Title: Probing the Interior of Self-Assembled Caffeine Dimer at Various Temperatures
Authors: Banerjee, Soma
Verma, Pramod K
Mitra, Rajib K
Basu, Gautam
Pal, Samir K
Keywords: Femtosecond-resolved hydration dynamics
Caffeine dimer interior
NMR spectroscopy of caffeine- TNS hetero association
TICT in caffeine dimer
Activation energy for the viscous flow
Issue Date: 2012
Publisher: J. Fluorescence
Citation: S. Banerjee, P. K. Verma, R. K. Mitra, G. Basu and S. K. Pal, Probing the interior of Self-assembled Caffeine Dimer at various Temperatures, J. Fluorescence, 2012, 22, 753
Abstract: The self-assembly of non-toxic well-consumed small caffeine molecules into well-defined structures has important implications for future medical applications seeking to target the transport of small drugs in human body.
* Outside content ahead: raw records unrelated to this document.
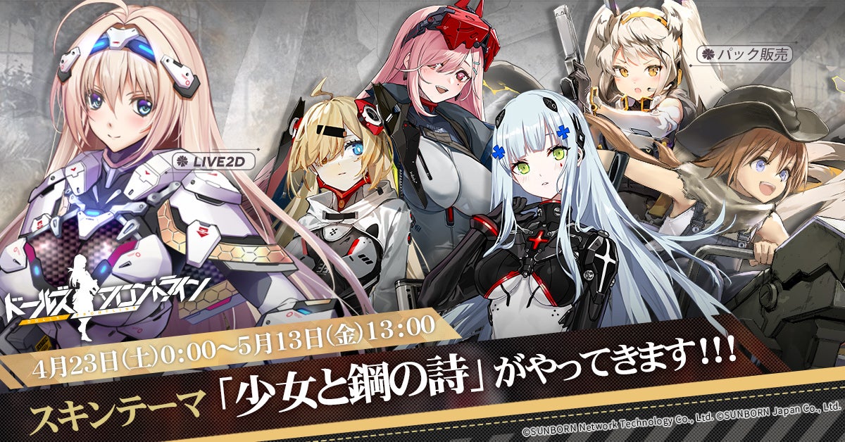 株式会社サンボーンジャパンは、スマホ向け戦略型シミュレーションゲーム『ドールズフロントライン(以下、「ドルフロ」)』において、4月23日(土)0時より追加されるパイロットスーツをモチーフにしたスキンテーマ「少女と鋼の詩」を先行して公開いたします。
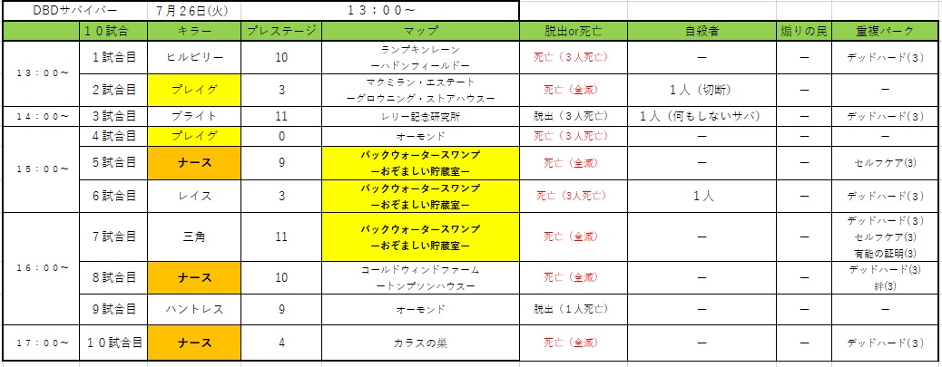 【ゲーム】DBD記録7日目(アプデ後)サバイバー
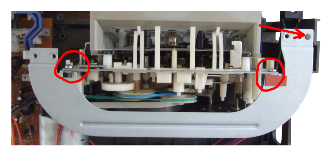 Dégagez la plaque des deux ergots près des tête de lecture/effacement.
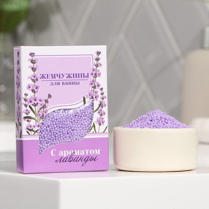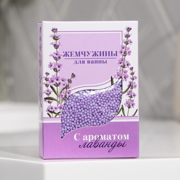 Объем упаковки составляет 100 г, что позволяет использовать продукт несколько раз. Упаковка выполнена в стильном светло-фиолетовом цвете с изображением лаванды, что делает её не только функциональной, но и эстетически привлекательной. Жемчужины имеют мелкую круглую форму и блестящую поверхность, что добавляет им привлекательности.
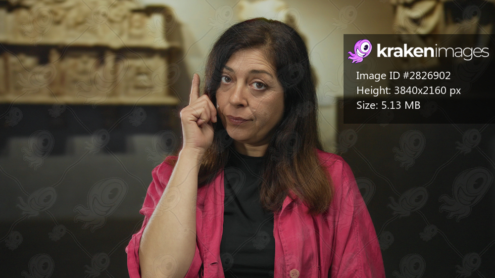 Woman in pink jacket pointing finger and raising finger to temple in museum gallery with serious expression; reflection.
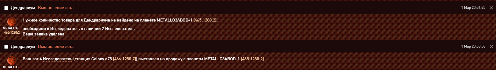 Описание:выставил на продажу 6 имеющихся в наличии иследователей. в отчетах пришло черти что. комисия списана. полетело тока 4 штуки.

Particularly, the solvation of the microenvironments of the self assembly ultimately dictates the interaction with the drug molecules and their therapeutic efficacy. We present femtosecond-resolved studies of the dynamics of aqueous solvation within self-assembled dimeric structure of caffeine molecules. We have placed small hydrophobic probes 4-(dicyanomethylene)-2-methyl-6-(p-dimethylaminostyryl) 4H-pyran (DCM), coumarin 500 (C500) into the caffeine dimer to enable spectroscopic examinations of the interior. While molecular modeling and NMR studies of the probes in the caffeine dimers reveal a well-defined location(stacked in between two caffeine molecules), dynamical light scattering (DLS), Fourier transform infrared (FTIR) spectroscopy, densimetric and sonometric experiments explore the structural evolution of the dimer upon complexation with the probes. We have extended our studies in various temperatures in order to explore structural evolution of the self assembled structure and consequently the dynamics of solvation in the interior of the dimer. Picoseconds/femtosecond resolved dynamics and the polarization gated spectroscopic studies unravel the hydration and energetics associated with activated viscous flow of the confined probes. Our studies indicate that the interior of the caffeine dimer is well-solvated; however, the dynamics of solvation is retarted significantly compared to that in bulk water, clearly revealing the dimers maintain some ordered water molecules. We have also explored the consequence of the retarded dynamics of solvation on the photo-induced electron transfer (ET) reaction of a model probe, 2-(ptoluidino)naphthalene-6-sulfonate (TNS) encapsulated in the dimer.